Итак, царевич был убит – болезнью или злым умыслом, и здесь не только грамматика задала «страдательный залог». Илья Павлович рассуждает: «Димитрий не успел стать по своему малолетству активным действующим лицом российской истории. И прославлен он был уже после своей смерти...» Ссылаясь на «Знаменский гербовник» 1729 года, на помещенный там «знак для угличских полков», скульптор изображает Димитрия с ягненком (знак невинности и жертвенности) на фоне креста, охваченного побегами родословного древа российских государей. Верхний – нераспустившийся – цветок древа сломлен и упал к ногам царевича, последнего в роду, идущем от легендарного Рюрика и реального Ивана Калиты. О событиях 1591 года должны напомнить рельефы на постаменте: гибель Димитрия, восстание угличан, перенесение мощей и канонизация царевича. Литая решетка вокруг памятника – копия решетки у надгробной сени царевича в Архангельском соборе московского Кремля.

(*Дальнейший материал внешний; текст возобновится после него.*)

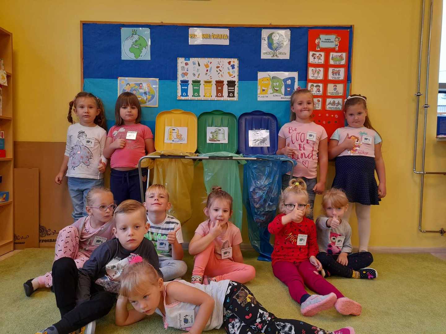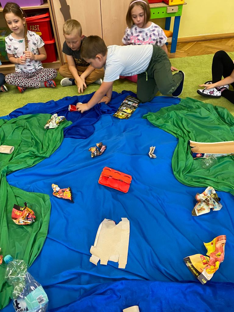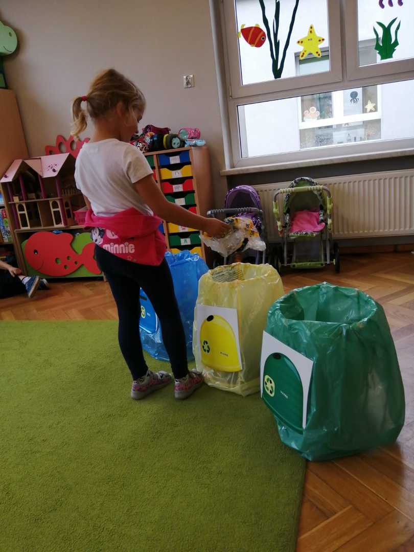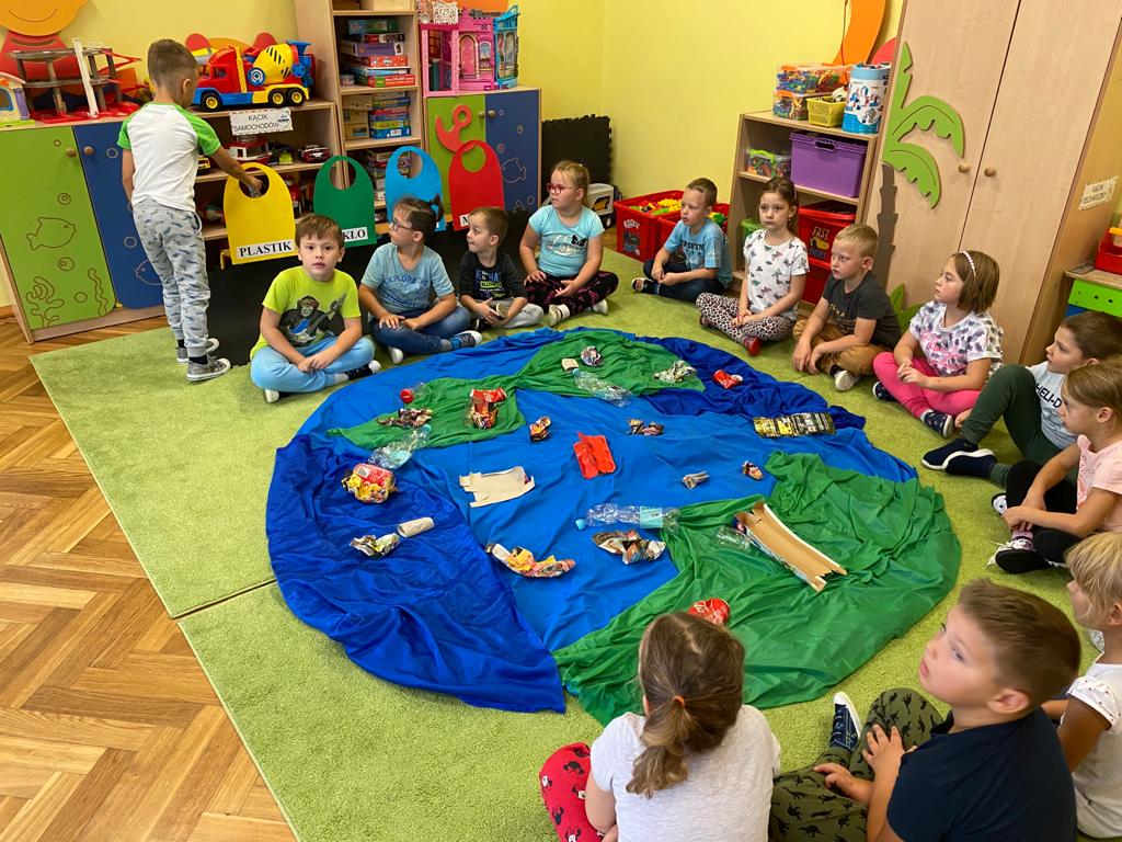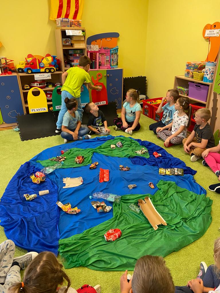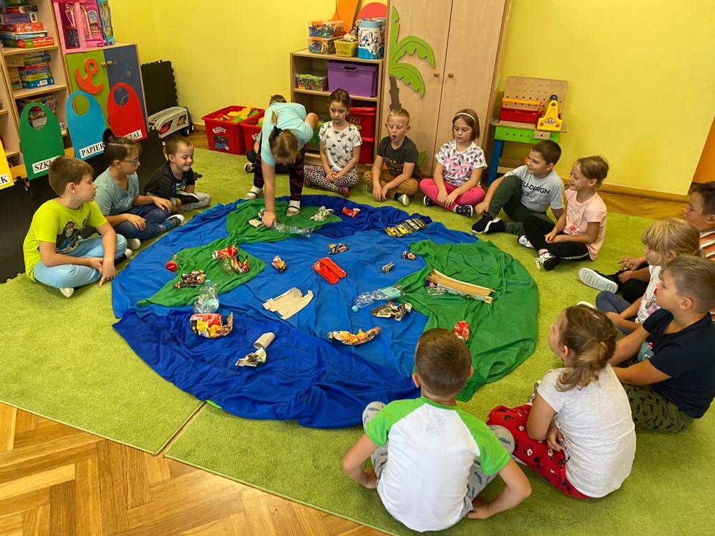 Akcja Sprzątanie świata – Polska jest częścią międzynarodowego ruchu „Clean Up The World”, wywodzącego się z Australii. Uczestniczy w nim blisko 40 milionów wolontariuszy na całym świecie. W Polsce obchodzony jest po raz 28. Nasze Przedszkole już po raz kolejny włączyło się do akcji, która w tym roku została zorganizowana pod hasłem " Myślę więc nie śmiecę". Kierując się tą myślą w naszym przedszkolu zostały przeprowadzone zajęcia dzięki którym dzieci dowiedziały się, że nie warto śmiecić. Każda z pań dostosowała poziom zajęć do poszczególnych grup wiekowych. Starszaki oprócz zajęć teoretycznych wyszły na zewnątrz i zabierając worki na śmieci posprzątały okolice przedszkola.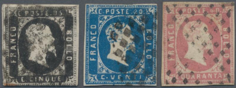 1851/1860, interesting selection of 27 used stamps, comprising many valuable items, i.a. first issue with 1 So yellow on blue (Sass.#2), second issue with 1 Q black (Sass.#10) etc., furthermore 3rd issue in Centesimi currency, i.a. 1 C violet

А на голове у Димитрия корона. Он не был коронован, да и вряд ли царские атрибуты ждали его в несбывшемся будущем. Только угличане всегда отчетливо видели этот «блистающий царский венец». В нем царевич будто бы вступил в город, в нем ожидал возвращения в столицу. Потом на стене церкви, «что над кровию его», в сцене оплакивания, его изобразят брошенным на землю, забытым в ослеплении горя. После канонизации он станет уже неотъемлемым атрибутом Димитрия, как будто вопрос о праве на земное царствование станет уже неважным...
Проект Ильи Павловича Вьюева – только один из предложенных, и угличанам еще предстоит выбирать и решать, чтобы оставить будущему городу достойный памятник, созданный, как когдато писали иконы, «не на краткое время, но в долготу дней».